Objective: Osteoporosis is a chronic disease that accelerates after menopause in many women. Most of the pharmacologic attempts to control the disease, such as hormone therapy, have emphasized the constraint of bone resorption. Since recent years have witnessed important advances in the field of bone formation, this review aims to update the present knowledge on the mechanisms affecting osteoblastogenesis and on the therapeutic results achieved by recently approved drugs.
Method: We sought peer-reviewed, full-length basic and clinical articles published between 1995 and May 2008 using a PubMed search strategy, with the terms osteoporosis and osteoblast, osteoporosis and strontium ranelate, and osteoporosis and parathyroid hormone (PTH). This search was further supplemented by a hand-search of reference lists of selected review papers. After crossing-cleaning the reference lists, some 800 articles were selected. Articles on regulators of osteoblast differentiation and function, together with well-designed clinical studies, were surveyed.
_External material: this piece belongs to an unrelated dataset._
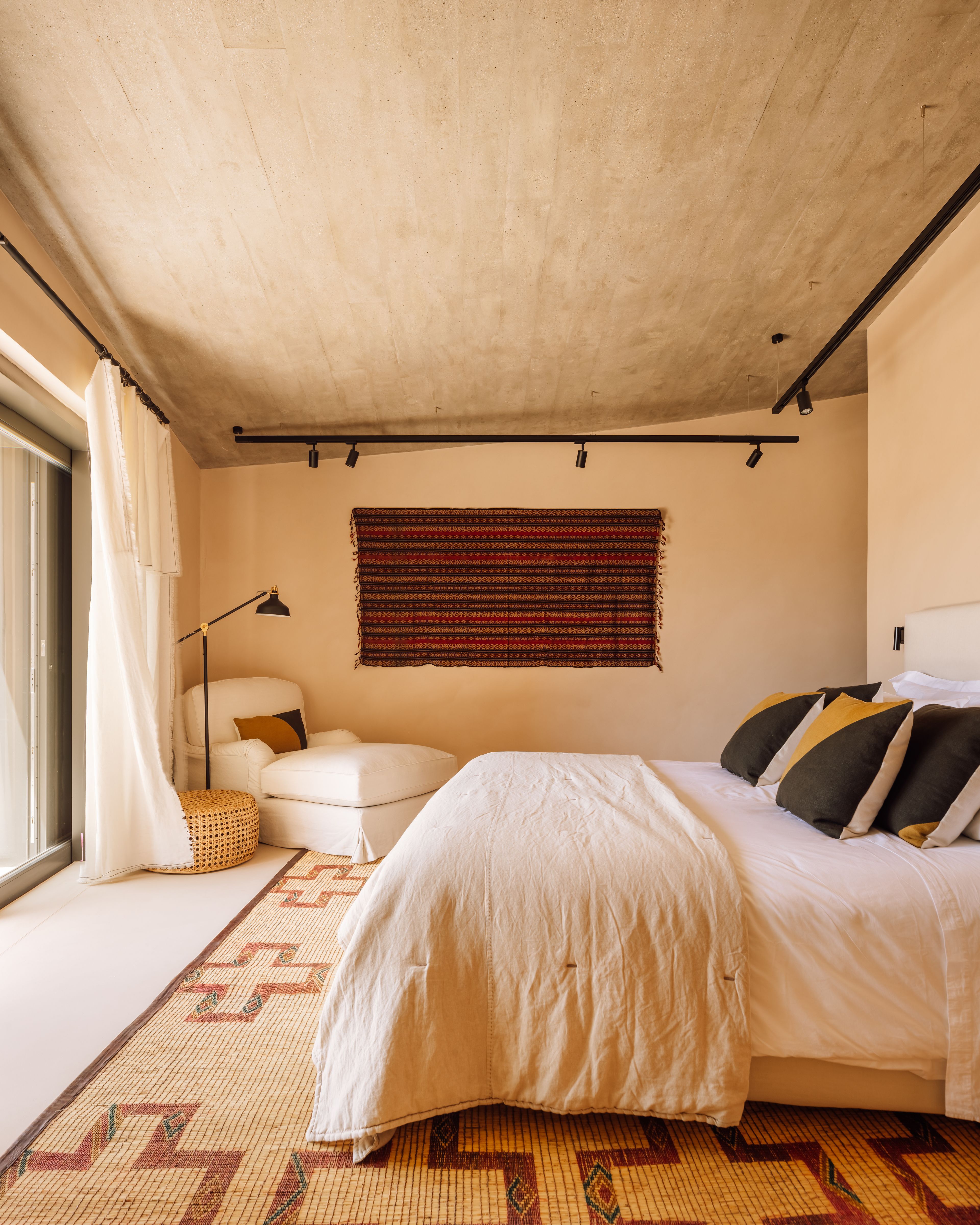 A subtle interplay of textures is introduced via flatweave carpets that double as wall hangings, heavy wooden furniture and the odd statement accessory.
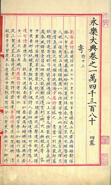 2007年11月,一册《永乐大典》的出现让赴上海调查古籍善本的全国古籍普查专家组既惊喜又疑惑。眼前这册大典品相良好,明代包背旧装,字迹端工的馆阁体,从封面至纸页皆无缺损,内容为有关“湖”字的唐宋元诗文,正好弥补了国图藏《永乐大典》湖字韵的缺卷。

Results: A complex network of systemic and local factors regulates osteoblastogenesis. Advances in fracture protection have been published in clinical studies with PTH. Some investigators claim an anabolic effect for strontium ranelate, which also confers protection against fracture.
Conclusion: The control of bone formation offers new clinical potential. Stimulation of bone formation by PTH has translated into fracture protection. The action of strontium ranelate has been claimed to be mediated by some level of bone formation, but this hypothesis still needs clarification.